No one I knew who worked in journalism, or in publishing, or at left-wing weeklies, had heard of this company. In fact, if you told most people in my circle that you worked on Wall Street, they'd look at you as if you were suddenly speaking a foreign language, or had told them you were a Nazi sympathizer. Wall Street gave me my first inkling that there was another point of view. A Chilean executive explained, quite convincingly, why his country's dictatorship was preferable to Castro's Cuba, which he had been driven out of as a child. An intern in my department, the daughter of a Middle Eastern executive, told me what it was like to grow up sleeping in the hallway every night, a pillow over her head, to avoid the sound of mortar shells showering her native Beirut, and to see her beautiful city destroyed, building by building, before her 20th birthday.

I liked working for the international company, but left for mercenary reasons. The second Wall Street company I worked for put itself up for sale the day I was hired. Five thousand people, it announced, would be laid off after Christmas. The acquiring company would look each of us over, and decide who would stay and who would go. Though we knew we would probably be fired, we worked till midnight at a downtown printing press to get our company newsletter out on time. One of my co-workers was a 23-year-old, seven months pregnant with twins. "Maria's a real trooper," our boss said, because she could have got her doctor to send her on maternity leave at six months.

I remember eating with her in the cavernous Orwellian cafeteria in Two World Trade Center, at 10 p.m. on New Year's Eve. She was so ill I had to fetch her food, and looked so dreadful that I couldn't swallow my own. It was my last night with the company. I remember looking at Maria and thinking: this is no place for women. We got our newsletter out, and before dawn my co-worker gave birth to her twins, both dangerously underweight. She was so ill she doesn't remember any of this, or anything that happened over the next two days.

My next Wall Street job made me sick. I left when Anita Hill was hitting the scene, and in lieu of filing a lawsuit, took a little hush money. Before they'd give it to me they made me sign a piece of paper swearing never to tell what happened. The job wasn't all bad, though. During the Gulf War, my co-workers, Vietnam Vets all, would cluster in my office to listen to Desert Storm on my transistor, whose use was otherwise restricted to hourly stock market updates. They recalled their own battles, glory days or otherwise, and discussed artillery specifications and the pros and cons of various jet bombers. At our company, the enemy was internal --- surprise attacks from above, a side-effect of the prolonged bear market. When I was forced out my male colleagues considered me lucky: they were equally abused, cardiac disease was sweeping the building. But no one was accountable for their harassment, there was no legal classification, or protection. It was just business as usual.

When I left the third company, I swore I would never go downtown again. I felt like a wounded veteran, exempt from future service.
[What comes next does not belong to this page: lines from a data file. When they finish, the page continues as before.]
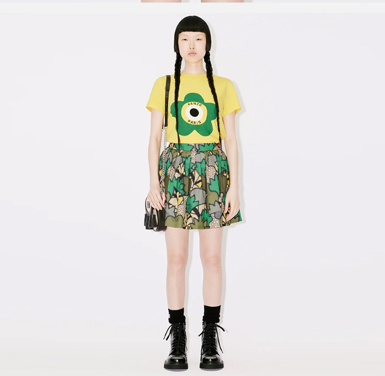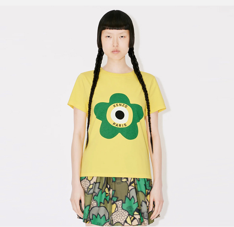 KENZO 高田贤三 女士花卉印花棉质圆领短袖T恤 黄色 FD62 TS062 4SO 39
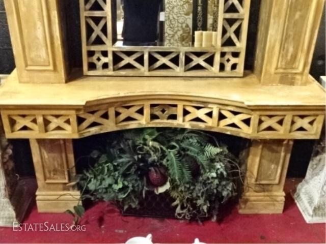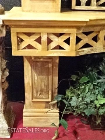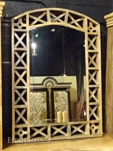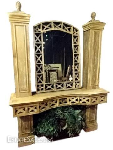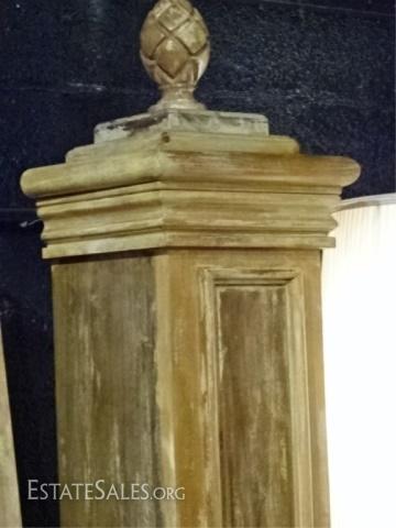 LOT 41A: 2 PC CUSTOM WOOD CONSOLE TABLE AND MIRROR, WITH COLUMNS AND FINIALS, MIRROR HANGS SEPARATELY FROM TABLE, #1 OF TWO IDENTICAL CONSOLE AND MIRROR SETS AVAILABLE THIS AUCTION (SOLD SEPARATELY), VERY GOOD CONDITION, 87"H X 63.5"W X 18"D, SKU351.04
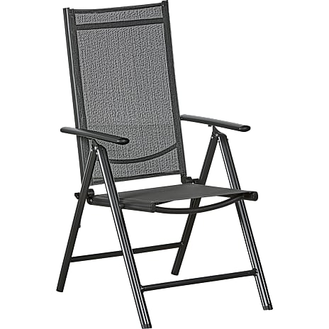 Det stabile aluminiumsstel sikrer et sikkert fodfæste og en holdbar konstruktion. Det vejrbestandige Teslin-vævede stof er åndbart, let at vedligeholde og tilbyder behagelig siddekomfort selv på varme dage – perfekt til regelmæssig udendørs brug.

This is how I always explain myself to people: when I was young, I ruined my health working on Wall Street. It was my own fault. I should have evaded the draft, I should never have gone down there.
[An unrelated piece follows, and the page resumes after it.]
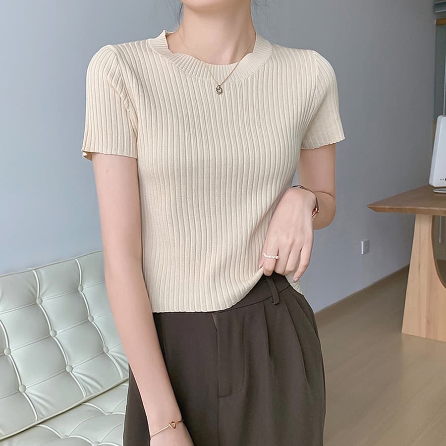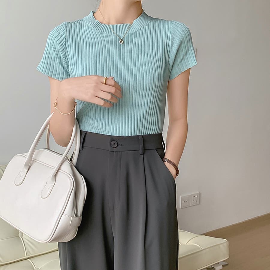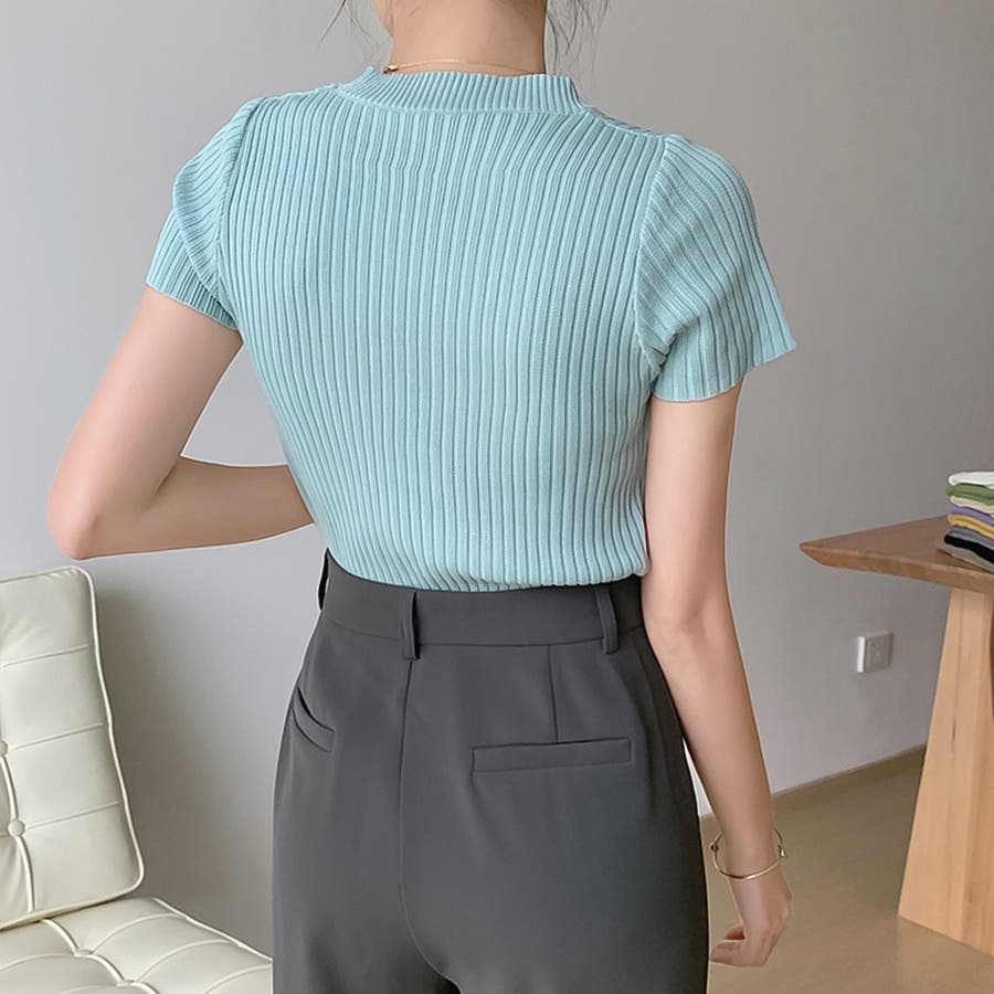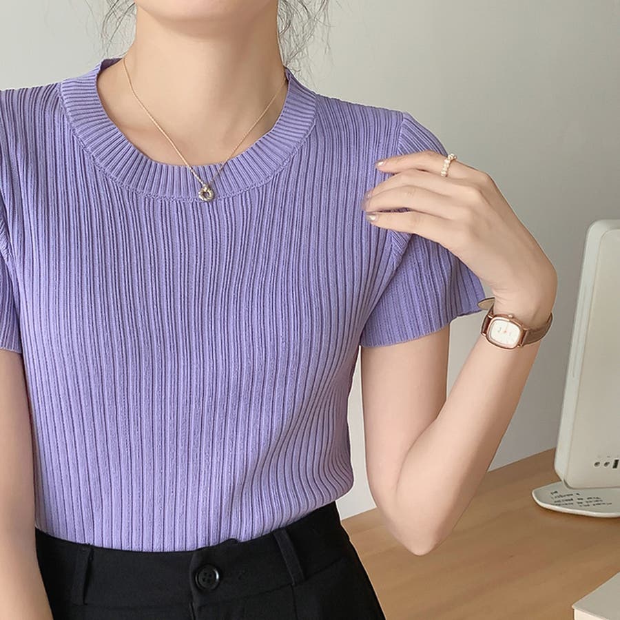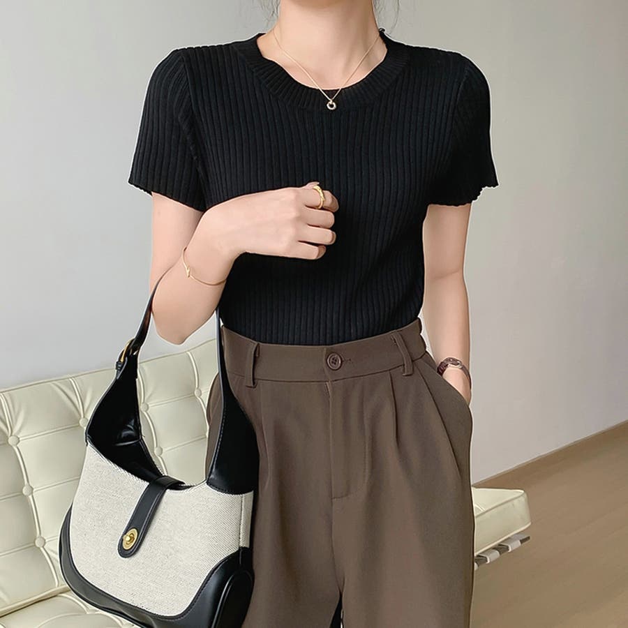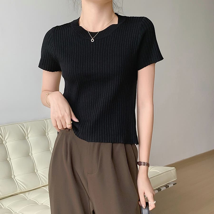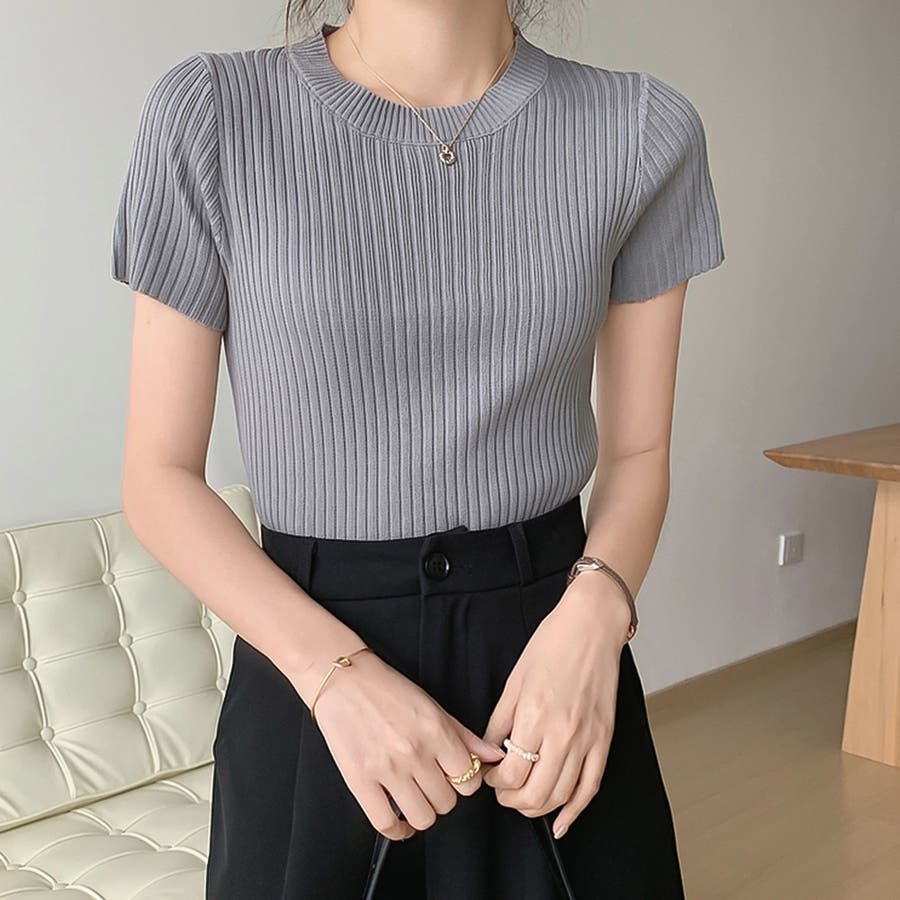 【グリーン】リブクルーネック半袖トップス【韓国ファッション】

There's a reason people avoid places like that. People who've worked there understand. They know about the 11-hour days, the 70-hour weeks, the two weeks' holiday a year. It takes a certain kind of person to stick out those conditions: people unafraid of risk or sacrifice in the name of company, capitalism, the American dream. I wasn't one of them. What I do know is that everyone in the World Trade Center, hard at work at 8.30 a.m., was already a warrior, long before any planes hit.